_YOUR OBJECTIVE:_
Your task is to copy the listing exactly. Drop any pictures from the copy.

_DATA BLOCK:_

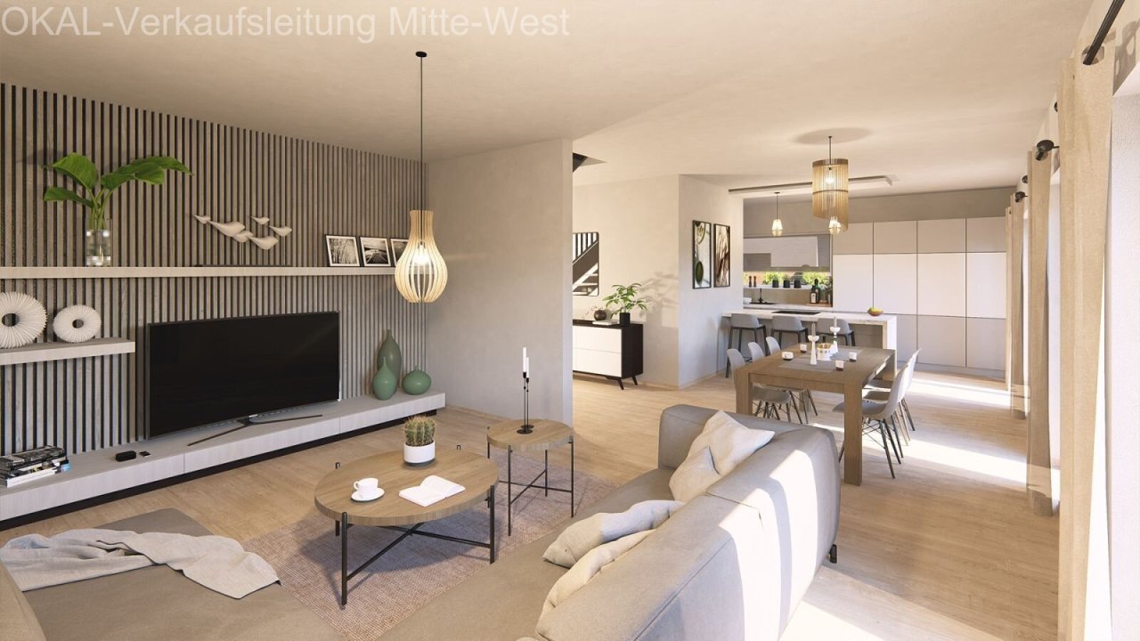 Groß, zeitlos-elegant und bis ins kleinste Detail durchdacht – das ist unsere Stadtvilla 16. Auf einer Fläche von mehr als 180 m2, verteilt auf zwei Ebenen, ist ausreichend Platz zum Leben, Arbeiten und Relaxen. Zentraler Ort der Begegnung für Familie und Freunde ist der rund 50 m2 große Wohn-Ess-Koch-Bereich. Große Fensterfronten ermöglichen einen direkten Zugang zum Garten und sorgen für maximalen Lichteinfall. Besonders praktisch: Direkt an die Küche schließen sich eine Speisekammer sowie der große Hauswirtschaftsraum an. Außerdem im Erdgeschoss: komfortables Arbeitszimmer und Gäste-WC. Über den offenen Dielenbereich geht es ins Obergeschoss und damit in den Rückzugsort für die Familienmitglieder. Die Eltern verfügen hier über eine Wohlfühloase mit großem Schlafbereich, separatem Ankleidezimmer und sich unmittelbar anschließendem Badezimmer mit Wanne, Dusche und WC. Gegenüber: das Reich der Kinder. Die beiden geräumigen Zimmer werden durch ein eigenes Bad voneinander getrennt.…
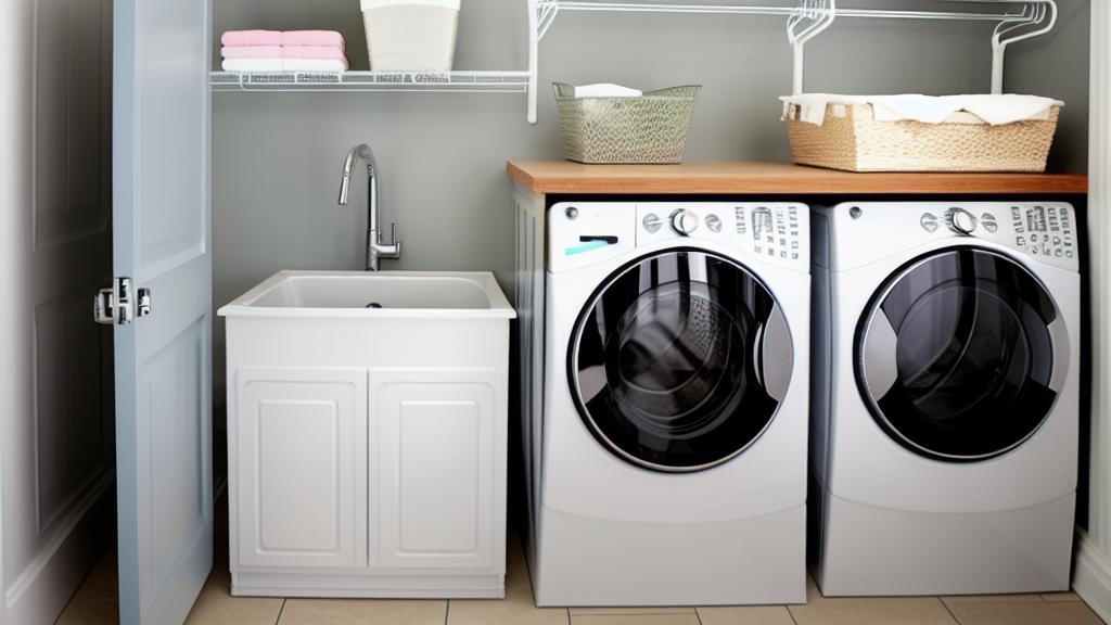 Install sturdy shelves on the walls with open design above your washer and dryer. This provides ample storage space for laundry essentials such as detergent, fabric softener, and stain removers. You can also use decorative baskets or bins to keep smaller items organized.
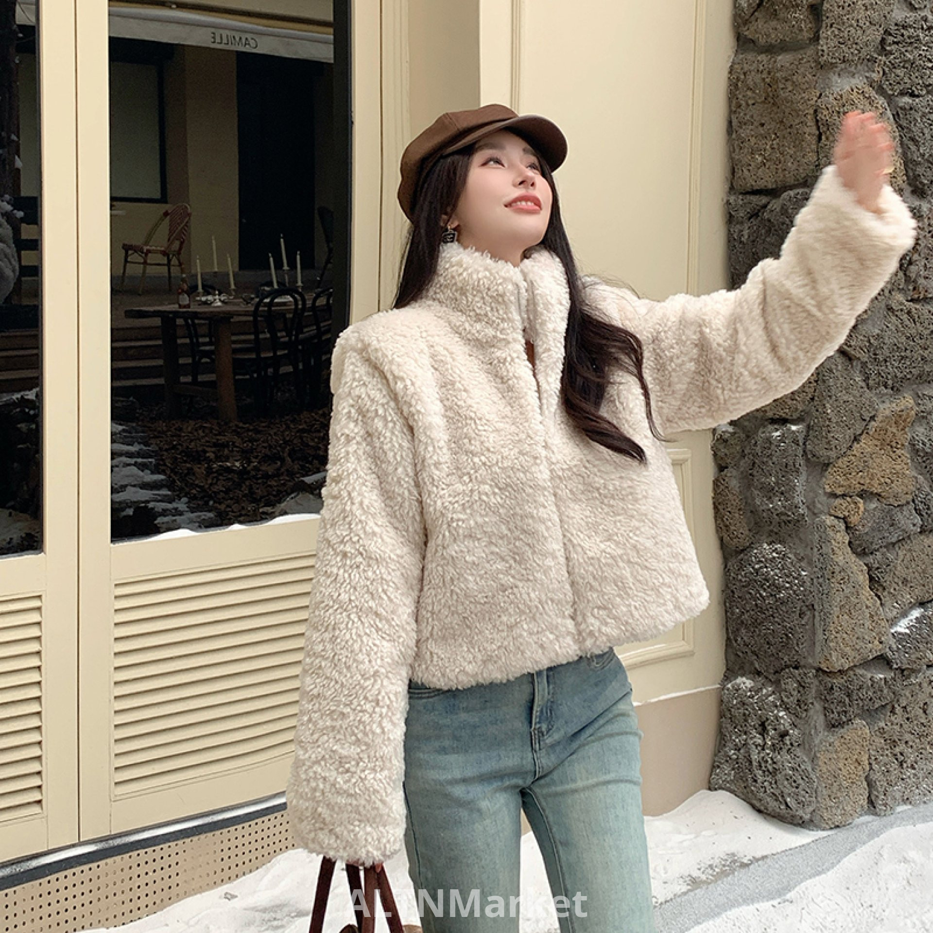 реальное фото Зима Высшее чувство Модные шерсть ягненка пальто для женщин корейский стиль мода Casual Свободный Fit короткий стиль куртка кардиган модные
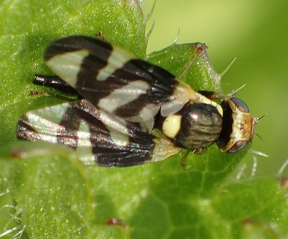 Canada thistle stem gall fly is an exotic, small, fruit fly. It is native to Central Europe. It has been intentionally released in Canada beginning in 1974 and in the United States beginning in 1977 as a biocontrol agent against invasive Canada thistle. It now occurs across southern Canada and the northern half of the United States. Adults are active from late May to mid-July. They are found wherever their host plant grows. The developing galls become visible in late July or early August, but they do not become large and obvious until late August to September. Adults are up to 5⁄16″ (8 mm) in length, including the wings. The body is 3⁄16″ to ¼″ (5 to 6 mm) in length. The thorax is black above, white on the sides. The plate between the abdomen and thorax (scutellum) is white. The abdomen is black. It is rounded on the male, pointed on the female. The ovipositor on the female is robust, black, hard, and rigid. The wings are translucent and whitish, with a bold, black, W-shaped, serpentine marking. |

_REPLY TO THE TASK:_
 Groß, zeitlos-elegant und bis ins kleinste Detail durchdacht – das ist unsere Stadtvilla 16. Auf einer Fläche von mehr als 180 m2, verteilt auf zwei Ebenen, ist ausreichend Platz zum Leben, Arbeiten und Relaxen. Zentraler Ort der Begegnung für Familie und Freunde ist der rund 50 m2 große Wohn-Ess-Koch-Bereich. Große Fensterfronten ermöglichen einen direkten Zugang zum Garten und sorgen für maximalen Lichteinfall. Besonders praktisch: Direkt an die Küche schließen sich eine Speisekammer sowie der große Hauswirtschaftsraum an. Außerdem im Erdgeschoss: komfortables Arbeitszimmer und Gäste-WC. Über den offenen Dielenbereich geht es ins Obergeschoss und damit in den Rückzugsort für die Familienmitglieder. Die Eltern verfügen hier über eine Wohlfühloase mit großem Schlafbereich, separatem Ankleidezimmer und sich unmittelbar anschließendem Badezimmer mit Wanne, Dusche und WC. Gegenüber: das Reich der Kinder. Die beiden geräumigen Zimmer werden durch ein eigenes Bad voneinander getrennt.…
 Install sturdy shelves on the walls with open design above your washer and dryer. This provides ample storage space for laundry essentials such as detergent, fabric softener, and stain removers. You can also use decorative baskets or bins to keep smaller items organized.
 реальное фото Зима Высшее чувство Модные шерсть ягненка пальто для женщин корейский стиль мода Casual Свободный Fit короткий стиль куртка кардиган модные
 Canada thistle stem gall fly is an exotic, small, fruit fly. It is native to Central Europe. It has been intentionally released in Canada beginning in 1974 and in the United States beginning in 1977 as a biocontrol agent against invasive Canada thistle. It now occurs across southern Canada and the northern half of the United States. Adults are active from late May to mid-July. They are found wherever their host plant grows. The developing galls become visible in late July or early August, but they do not become large and obvious until late August to September. Adults are up to 5⁄16″ (8 mm) in length, including the wings. The body is 3⁄16″ to ¼″ (5 to 6 mm) in length. The thorax is black above, white on the sides. The plate between the abdomen and thorax (scutellum) is white. The abdomen is black. It is rounded on the male, pointed on the female. The ovipositor on the female is robust, black, hard, and rigid. The wings are translucent and whitish, with a bold, black, W-shaped, serpentine marking. |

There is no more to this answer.